But really what you want to be able to do is make your systems better.
So to do that, you need to be able to answer some questions about the
sort of incident you want to know who's being impacted. And if you're just working
with aggregate data, you may not be able to understand that. So if I
know who's being impacted, I might have a better sense of urgency. So if
it's something like a canary in production triggered,
can alert, I might be able to ignore it until tomorrow. But if
it's potentially like our biggest customer and they just onboarded a
bunch of users, it really may be an all hands on deck scenario. But having
that information lets me really evaluate and assess the
priority of the incident. Do I have
what I need to resolve it? So do I have enough information available to me
to either resolve the issue or kind of hand it off to somebody who
has the information that they need to without just sort
of flying blindly into an issue.
I want to know where the problem is. So I don't want
to just start kind of at what
I consider the beginning or the end. I'd like to have some information about
where this is happening. If it's something that is caused
upstream and I'm just feeling the pain of it here at the end where the
customer sits, I want to know whats. I don't want to have to kind of
guess. I also want to know when the issue started. So we
want to be aware of whether or not this is something that we've
been trending towards over time, or is this very sudden.
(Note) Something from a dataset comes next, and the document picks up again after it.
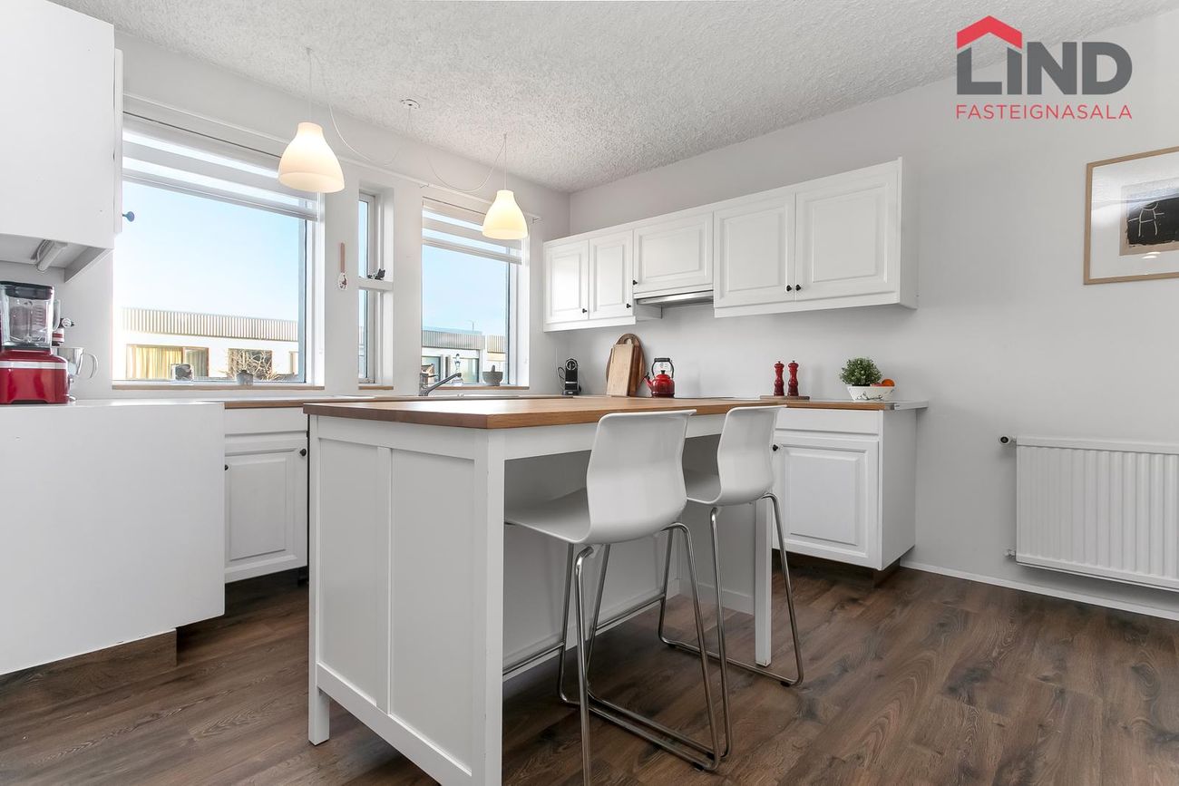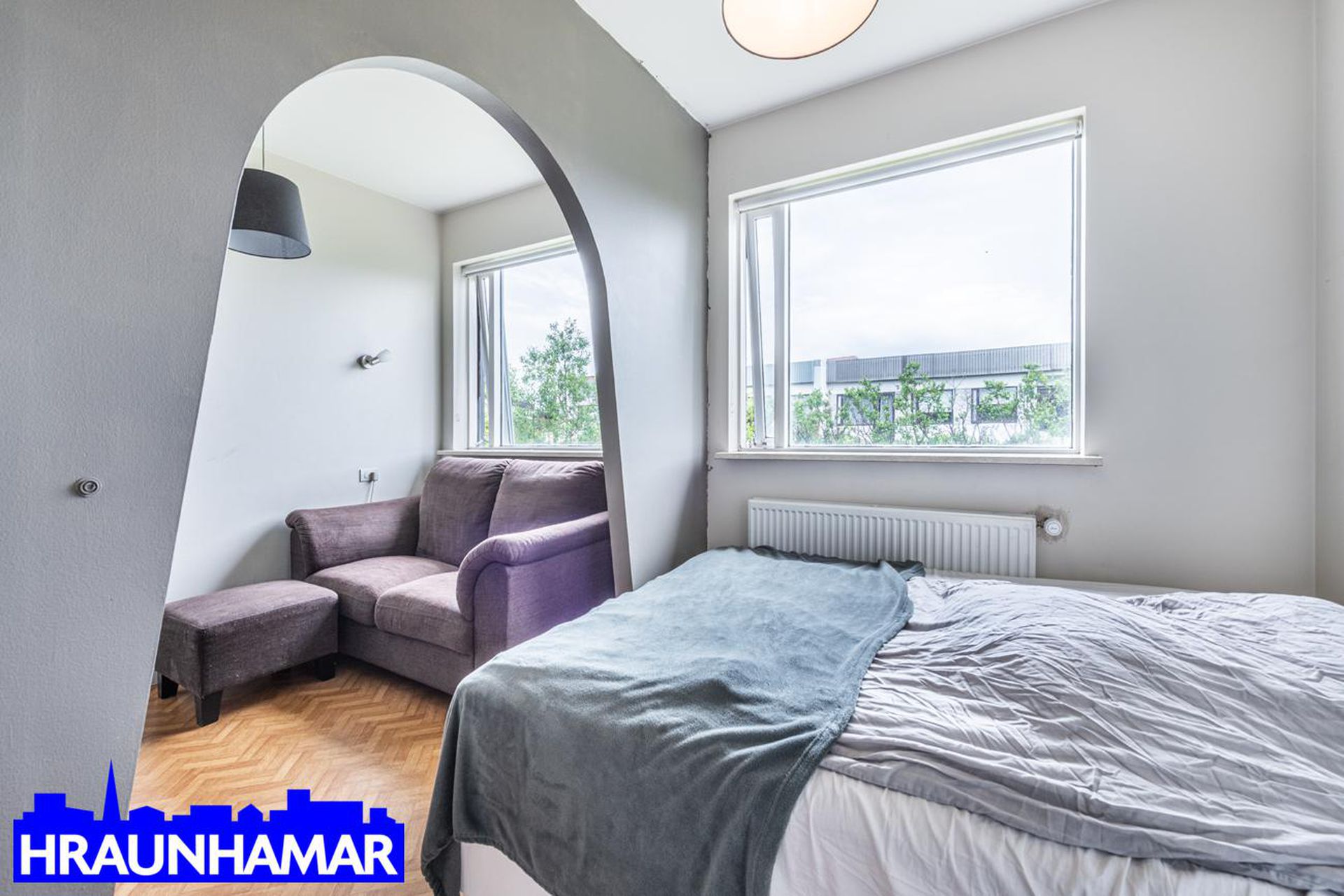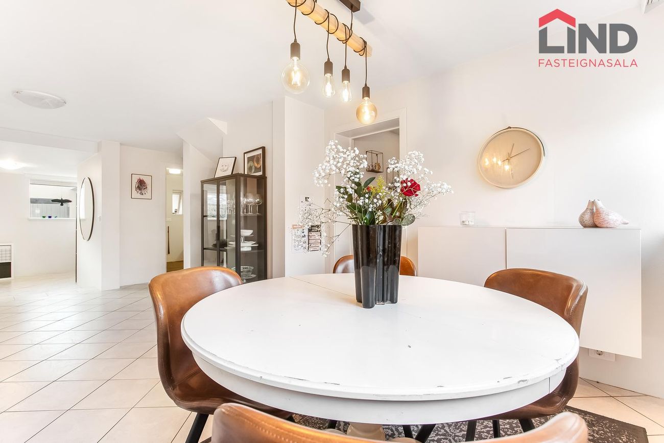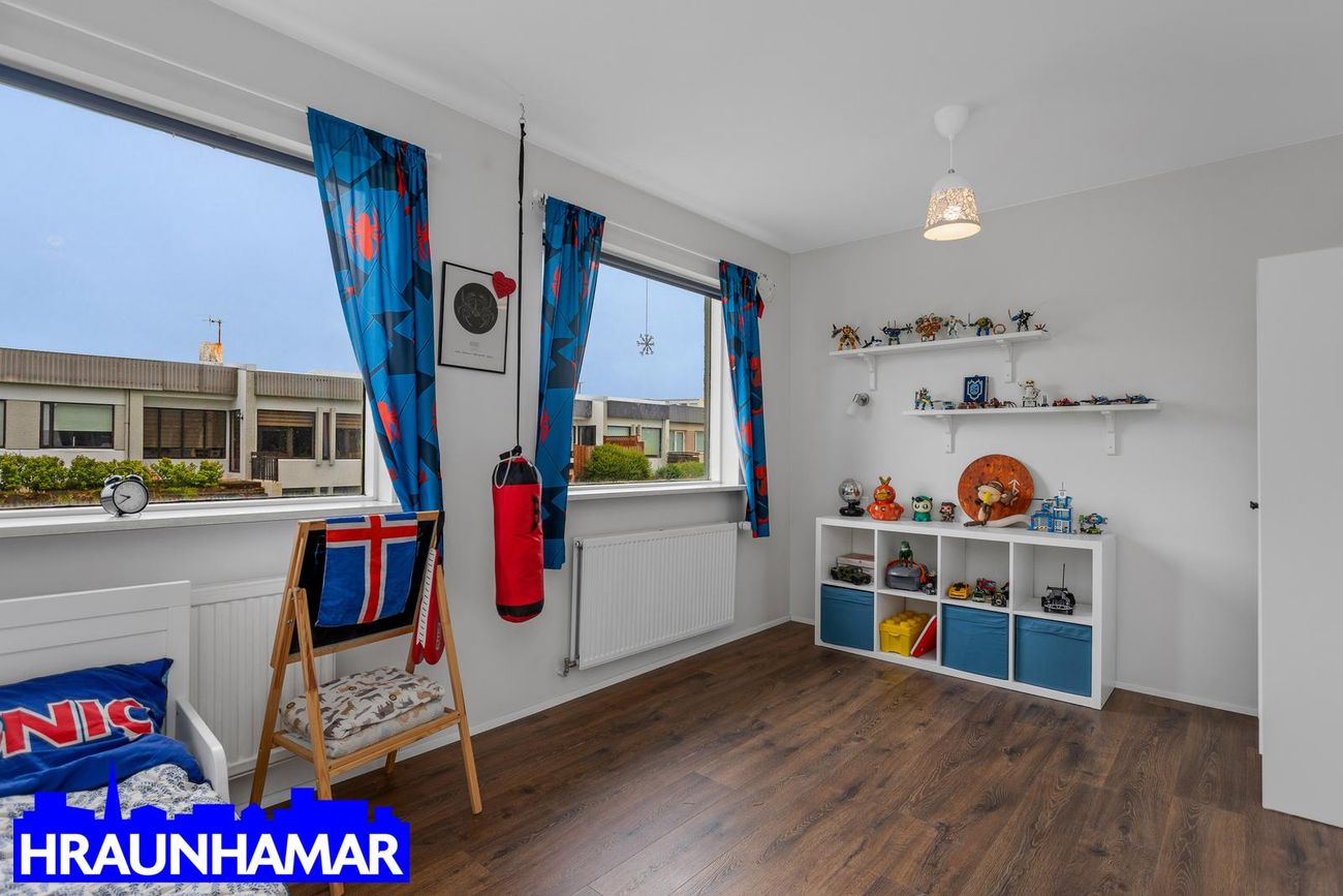 Raðhús skipt í tvær hæðir með 6 herbergjum, 2 baðherbergjum, gestasnyrtingu og 2 stofum. Hægt að auka herbergjafjölda með veggjaskiptingu.

And we also want to know how we ended up in the state so that
we can prevent it from happening again, obviously.
So that brings us to the three pillars of observability.
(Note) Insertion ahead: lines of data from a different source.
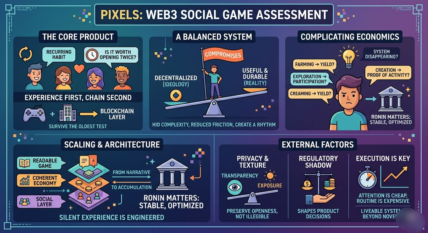 I keep coming back to this idea that the strongest Web3 projects are often the ones that look the least ideological from the outside. That sounds counterintuitive in a space built on strong opinions. But the projects that last tend to make compromises that purists dislike. They hide complexity, reduce friction, and try to fit into habits that users already have. Pixels feels like it belongs in that category. It is not trying to win by being the most radical thing in the room. It is trying to create a loop, a place, a rhythm. That’s where the real question starts for me: whether that rhythm can survive contact with token incentives, speculative attention, and the usual cycle of player behavior that turns every promising social game into a farm for returns.
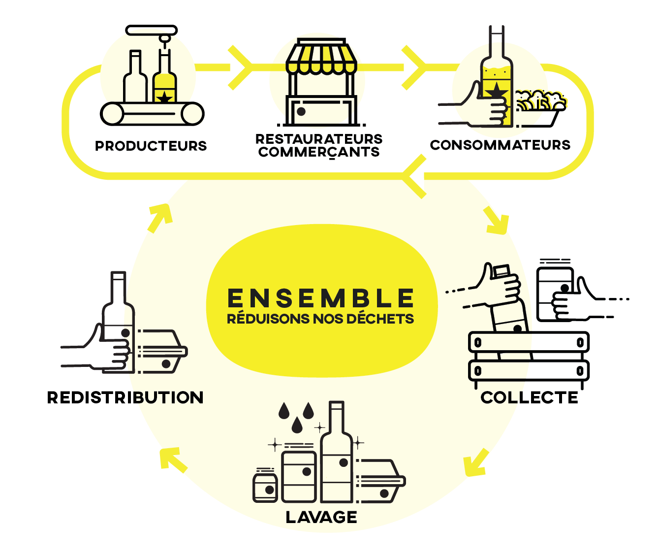 Un système de collecte, lavage et redistribution
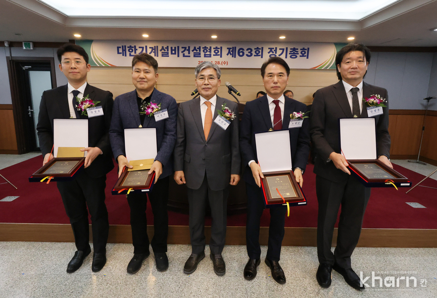 정기총회에 앞서 기계설비산업 발전에 기여한 △강창훈 국방시설본부 주무관 △안방율 한국건설기술연구원 연구위원 △오양균 한국종합건설기계설비협회 회장 △유재석 조달청 공사원가기준과 과장 △이문수 한국토지주택공사 공공주택설비처 처장(전) 등 5명에게 감사패가 수여됐다.

So we've talked a little bit about some of the kind of more
conceptual ideas around observability, and we're going to get into some of the
more kind of nitty gritty of the nuts and bolts of what people
consider traditional observability today.
So metrics is a good starting point. Metrics are
intended to provide statistical information aggregate.
So this is what we're all kind of familiar with. It can give you a
really good indication of the current state of things,
and it's a great place to set your alerting. And this is more
like that traditional monitoring where it's kind of at a high
level. It's a really good vehicle
for storing information about your systems, but it's not
great for doing diagnostics because you've lost all of that
good kind of connective tissue data that the
metric is made up of. So once you have an incident, you can't
drill in any further to understand what happened. So if you see a spike,
you kind of have to do your own correlation. When you start to dig into
your logs based on timestamps or other information that you have built, it's not
done for you.
Distributed traces are the shiny new things
that we've gotten with application observability. That's really exciting.
So traditionally, a trace traces something within a particular
location. So I always think of like a traditional database,
you can run a query, you can trace that query and understand
everything that's happening along the way. But a distributed trace will let
you do a similar kind of following
of a request, but it can hop across different resources,
which is what makes it really kind of magical when you're thinking about
trying to understand maybe a customer experience. So you
know that they started by trying to make a particular request,
say they're like trying to check out, you're selling something and they're
trying to check out. So it starts there and it may hit
a whole bunch of different back end services. So you may be looking at customer
ids, you may be looking up skus, you might be
checking inventory and whats sort of thing. And those may all be different systems.
So with distributed tracing, you'll be able to trace that the
whole way.
So this is just a look at what a distributed trace might look like.
And what you can see is that the trace itself
is comprised of spans which are little units of work.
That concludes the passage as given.